MATTHEW A. ROZELL

Matthew A. Rozell, the eldest son of the late Tony and Mary Rozell, was born on March 31, 1961, and raised at 2 Main Street, Hudson Falls, with his four siblings—Mary, Ned, Nora, and Drew.  As a kid, he roamed the banks of the Hudson River looking for lost encampments of past heroes and historic battle sites.  He graduated from Hudson Falls High School in 1979 and afterwards from SUNY Geneseo, BA in 1983 and MS in 1988.

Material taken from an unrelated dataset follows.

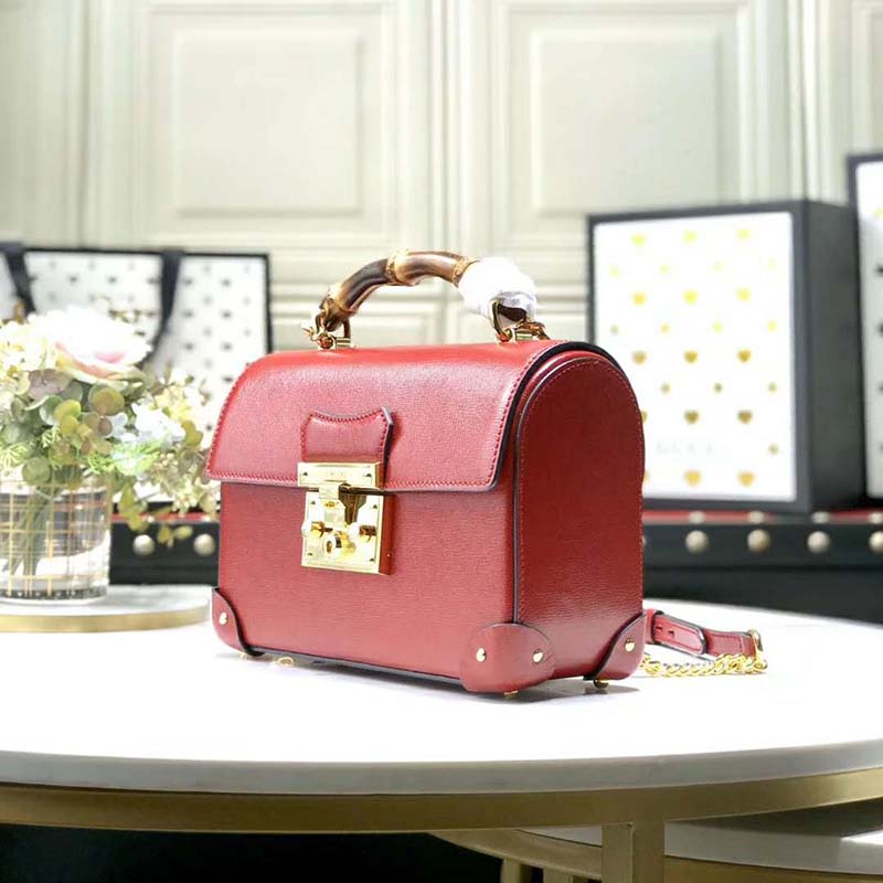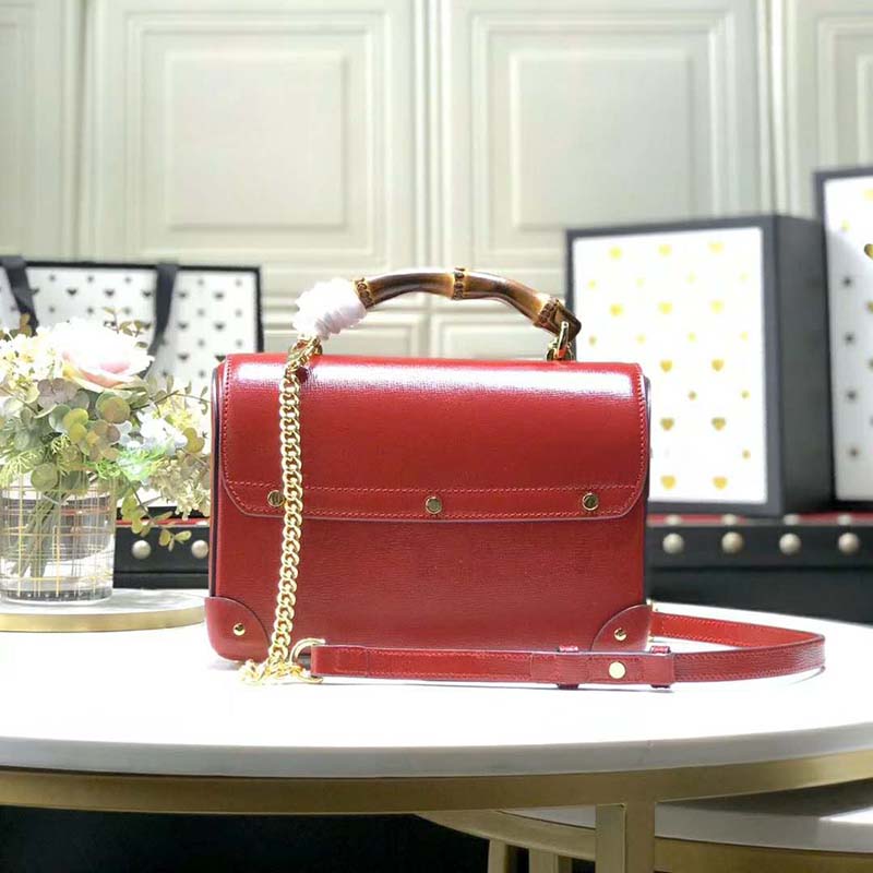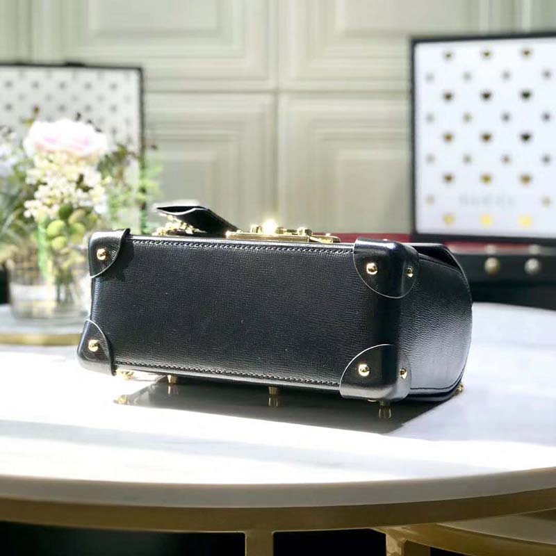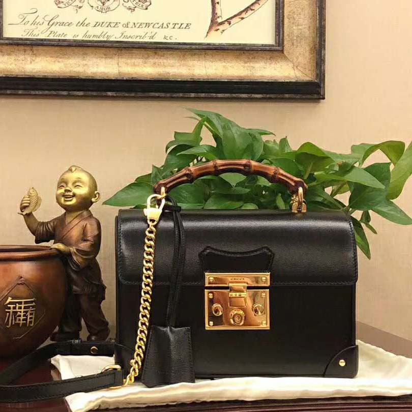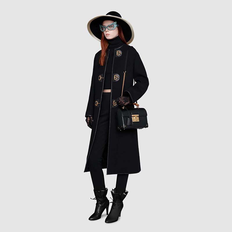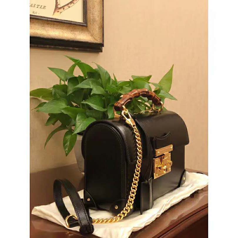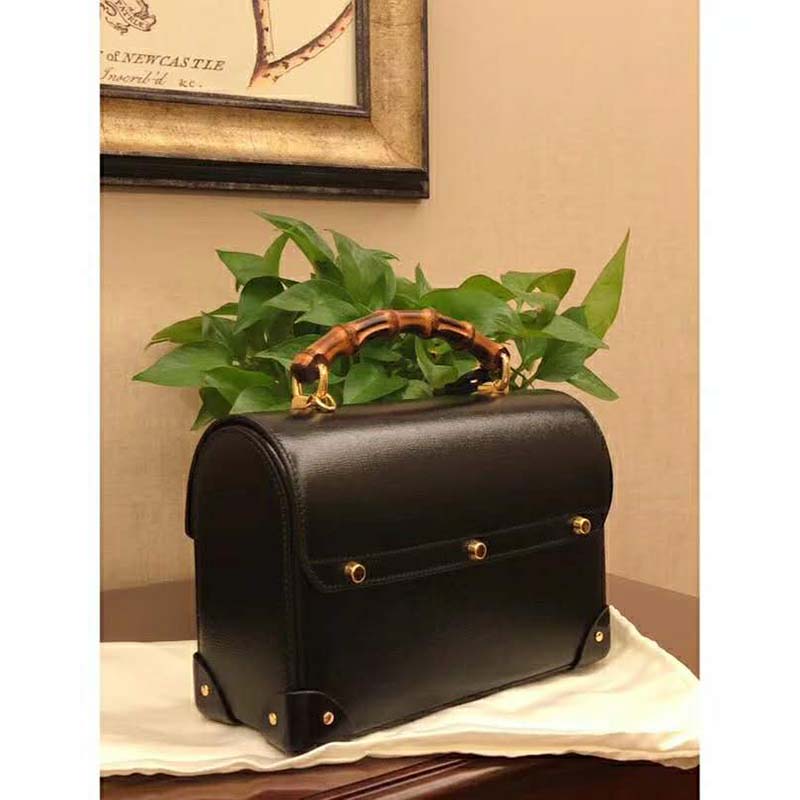 Archival details, including the bamboo handle and closure, combine in a modern silhouette in the small shoulder bag, crafted from textured black leather.

In 1987 he joined the faculty at Hudson Falls, teaching world history, as his father had done at Glens Falls, Over the next 30 years he would eventually teach every subject in the Social Studies department, specializing in the history of World War II and running summer archaeology field courses at the colonial frontier sites he had discovered along the Hudson.  He created an oral history program at the high school that became the catalyst for The Things Our Fathers Saw book series he is writing.

Mr. Rozell also became an authority on the teaching of the Holocaust.  He reunited over 275 Holocaust survivors with their actual American soldier-liberators, described in his 2016 book, A Train Near Magdeburg.  He and his former students were featured as the “ABC World News Persons of the Week” on September 25, 2009, after a joyous community-supported reunion at the high school.  His teaching experiences have been filmed for the CBS Evening News, NBC Learn, the Israeli Broadcast Authority, the United States Holocaust Memorial Museum, and the New York State United Teachers.

For his dedication to teaching history, Mr. Rozell was named the Organization of American Historians History Teacher of the Year in 2010.  In 2012, he was the national recipient of the Daughters of the American Revolution Founders’ Medal for Education.  He is a United Stated Holocaust Memorial Museum Teacher Fellow and a graduate of the International School at Yad Vashem in Jerusalem, Israel’s Holocaust martyrs and heroes Remembrance Authority.  In 2016 he was the recipient of the New York State Education Department’s highest award for teaching about the Holocausts and human rights.

Upon retirement in 2017, Matthew Rozell was honored in resolutions by the United Stated Congress, the New York State Senate and Assembly, the Village of Hudson Falls, and the City of Glens Falls.  The Greater Glens Falls Jewish Community recognized him as a “Righteous Human Being” with a tree planting and monument in Juckett Park in 2018, and he has been honored by the Washington County Historical Society.

Matthew and his wife Laura reside in Washington County with their three children, Emma, Ned, and Mary, all graduates of the Hudson Falls school system.